# What is needed
Every line of the listing below from the one with "A Rede Natura 2000 abrange" up to and including the one with "Nachdem wir gestern" should be retyped exactly, and nothing else; pictures are not part of the copy.

=====

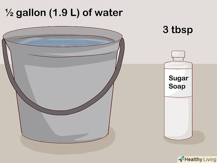 Приготуйте розчин знежирюючого миючого засобу. як тільки приберете саму сажу зі стіни, можна буде обробити залишкову пляму знежирюючим миючим засобом, наприклад, денатурованими спиртом, лужним господарським милом, миючим засобом на основі аміаку, тринатрійфосфатом, знежирюючим засобом для миття посуду або цитрусовим миючим засобом. Приготуйте в відрі розчин миючого засобу.- Щоб приготувати чистячий розчин з лужного господарського мила, додайте 3 столові ложки мила на 2 л води.
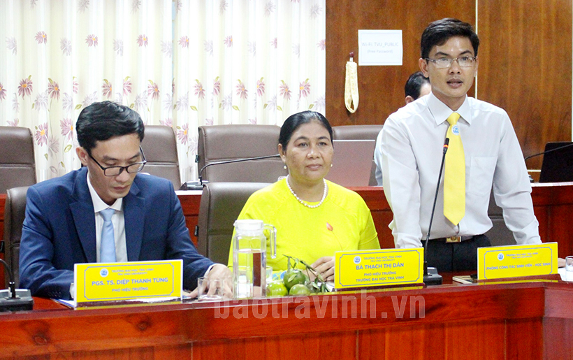 Lãnh đạo Phòng Công tác Sinh viên - Học sinh thông tin về tình hình học tập của sinh viên Campuchia tại Trường ĐHTV. Cụ thể, từ năm 2012 - 2022, có 126 du học sinh Campuchia tham gia học tập tại trường. Trường tạo điều kiện cho các lưu học sinh Campuchia học tập, sinh hoạt, ở ký túc xá của trường, hỗ trợ học tiếng Việt, tặng nhiều suất học bổng hỗ trợ sinh viên Capuchia…
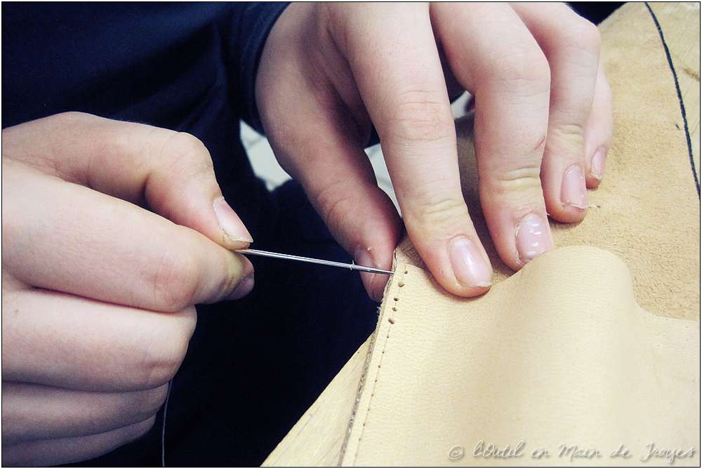 Traçage, découpe du cuir, marquage des points à la roulette et couture n’ont plus de secret pour Antonin, Baptiste et Clément.
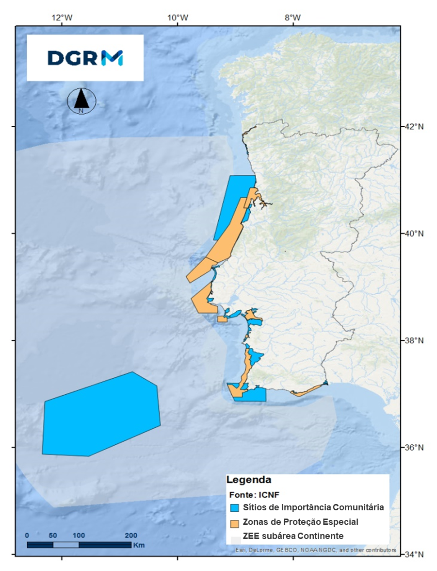 A Rede Natura 2000 abrange as áreas protegidas no âmbito da Diretiva Aves (Zonas de Proteção Especial) e da Diretiva Habitats (Sítios de Importância Comunitária e Zonas Especiais de Conservação). No Continente uma área considerável da plataforma continental já faz parte da Rede Natura 2000 assim como o maior monte submarino do espaço marítimo nacional: o Banco Gorringe. Também nas regiões autónomas estão classificadas um conjunto de áreas para proteção de cetáceos, aves marinhas e tartarugas e os habitats marinhos do Anexo I da Diretiva Habitats.
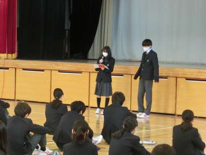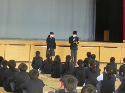 2年学年集会3 12月25日(金) 公開日 2020/12/25 更新日 2020/12/25 できごと 各学級委員の反省をしっかりと心に刻み、3学期自分のクラスをさらに良いクラスにしてください。 いいね(0)
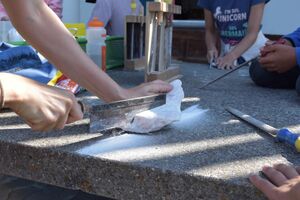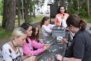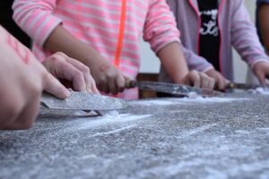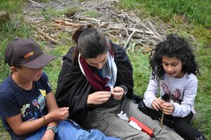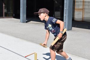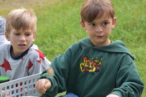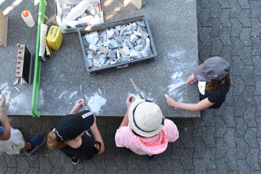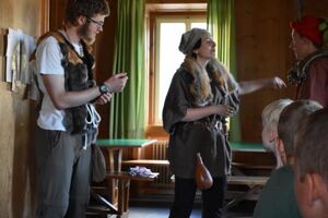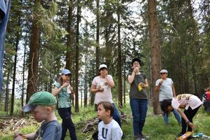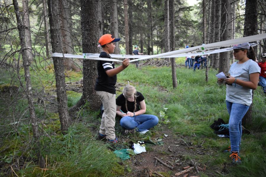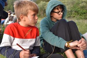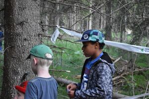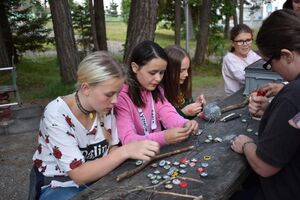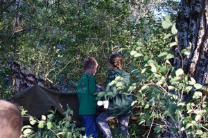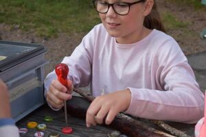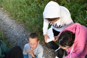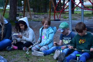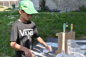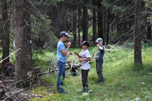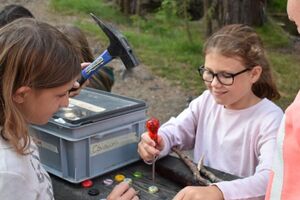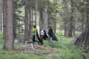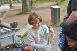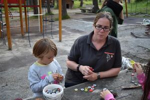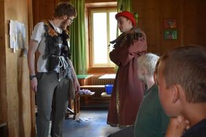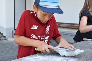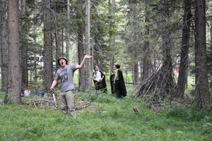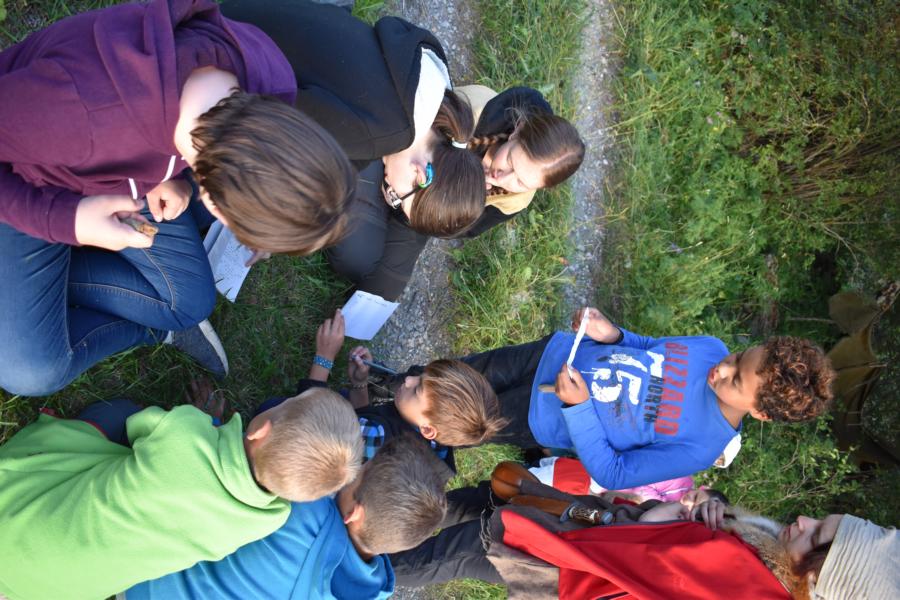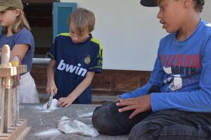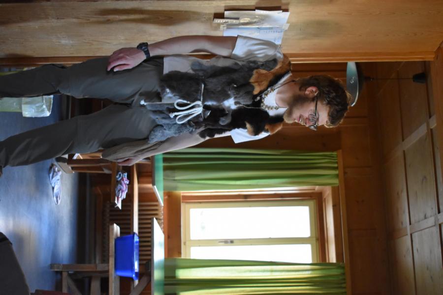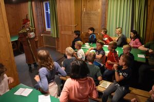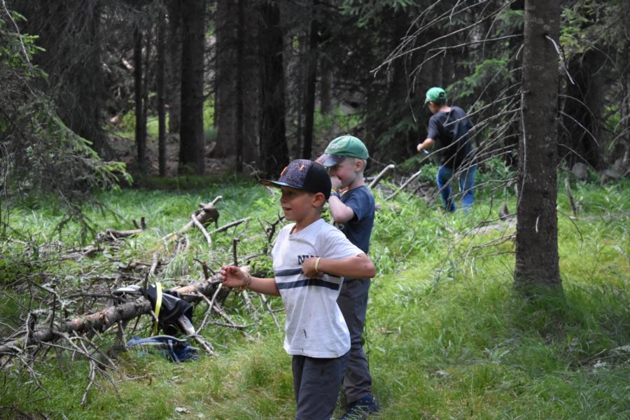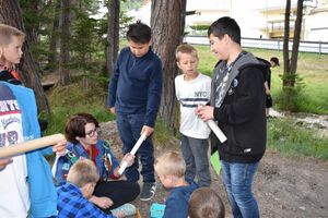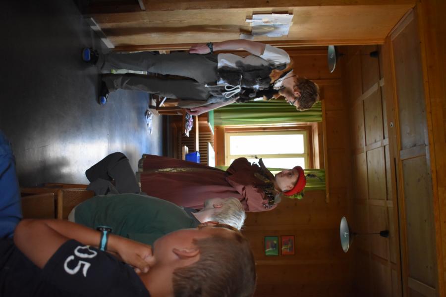 Nachdem wir gestern Abend mit Hilfe unseres Zauberwürfels in eine neue Zeit gereist waren, haben wir heute Morgen Besuch von einem Wikinger bekommen. Marco Polo war über das Ziel erst gar nicht erfreut, freundete sich dann aber damit an und entschied, einen Tag mit seiner Mannschaft zu bleiben. So lernten die Kinder heute, was es heisst, ein Wikinger zu sein. Wikingerschach, Zielwerfen, Hüpfen, Waffenfertigung aus Speckstein, Schmuckherstellung... Mit all diesem angeeigneten Können und Wissen war das Geländespiel am Nachmittag gut zu bewältigen. In ihren Ämtligruppen schmuggelten die Kinder allerlei Waren durch den Wald.
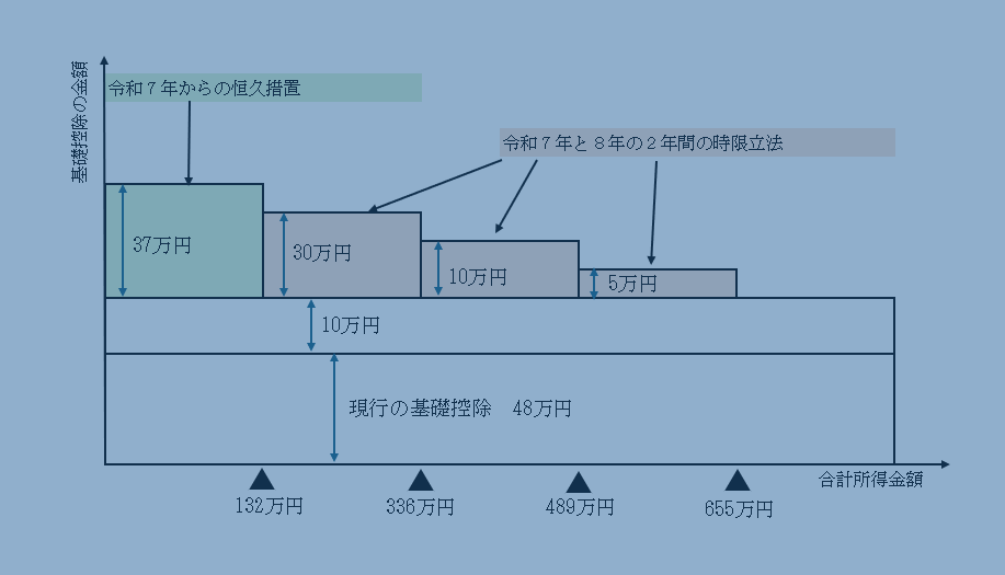 基礎控除とは? 基礎控除と合計所得金額 所得税の基礎控除をご存じでしょうか?給与の天引きの税金を含む、所得税について、ほとんどの人に関係する控除です。 基礎控除は、納税者自身の控除額で、令和6年は、通常48万円です。この金額が税金の計算上引かれて計算されています。 合計所得金額(収入金額とは異なります)が2,400万円超の人は基礎控除が減っていきますが、ほとんどの人には関係ないので今回はいったん無視します。 合計所得金額の正確な理解は、非常に複雑となりますので、今回はそういった所得があるという理解で十分だと思います。 どう変わる? 令和7年の税制改正により、基礎控除が、合計所得金額に応じて増える予定です。 重要なポイントは、基礎控除が、合計所得金額に応じて増えることが予定されているということです。 まず、合計所得金額2,350万円以下の人について、基礎控除額に10万円を加算し、48万円から58万円になります。これが基本となります。 これに加えて、さらに次のように基礎控除に加算されます。 1 合計所得金額132万円以下の人について、基礎控除額に37万円加算し、58万円+37万円=95万円となります。 2 合計所得金額132万円超336万円以下の人について、基礎控除額に30万円加算し、58万円+30万円=88万円となります。 3 合計所得金額336万円超489万円以下の人について、基礎控除額に10万円加算し、58万円+10万円=68万円となります。 4 合計所得金額489万円超655万円以下の人について、基礎控除額に5万円加算し、58万円+5万円=63万円となります。 注意するポイント 恒久措置と時限立法 上述の1については恒久措置、つまり、ずっと続くルールであるのに対し、2~4については令和7年と令和8年の2年間だけの時限立法、つまり、いまのところ2年間だけの限定的なルールとなっている点です。1に該当する人にとってはずっと続くルールとして安心して捉えていただき、2~4に該当する人は、いまのところ2年だけの限定的なルールだということをおさえておきましょう。 …

=====

# Written response
 A Rede Natura 2000 abrange as áreas protegidas no âmbito da Diretiva Aves (Zonas de Proteção Especial) e da Diretiva Habitats (Sítios de Importância Comunitária e Zonas Especiais de Conservação). No Continente uma área considerável da plataforma continental já faz parte da Rede Natura 2000 assim como o maior monte submarino do espaço marítimo nacional: o Banco Gorringe. Também nas regiões autónomas estão classificadas um conjunto de áreas para proteção de cetáceos, aves marinhas e tartarugas e os habitats marinhos do Anexo I da Diretiva Habitats.
 2年学年集会3 12月25日(金) 公開日 2020/12/25 更新日 2020/12/25 できごと 各学級委員の反省をしっかりと心に刻み、3学期自分のクラスをさらに良いクラスにしてください。 いいね(0)
 Nachdem wir gestern Abend mit Hilfe unseres Zauberwürfels in eine neue Zeit gereist waren, haben wir heute Morgen Besuch von einem Wikinger bekommen. Marco Polo war über das Ziel erst gar nicht erfreut, freundete sich dann aber damit an und entschied, einen Tag mit seiner Mannschaft zu bleiben. So lernten die Kinder heute, was es heisst, ein Wikinger zu sein. Wikingerschach, Zielwerfen, Hüpfen, Waffenfertigung aus Speckstein, Schmuckherstellung... Mit all diesem angeeigneten Können und Wissen war das Geländespiel am Nachmittag gut zu bewältigen. In ihren Ämtligruppen schmuggelten die Kinder allerlei Waren durch den Wald.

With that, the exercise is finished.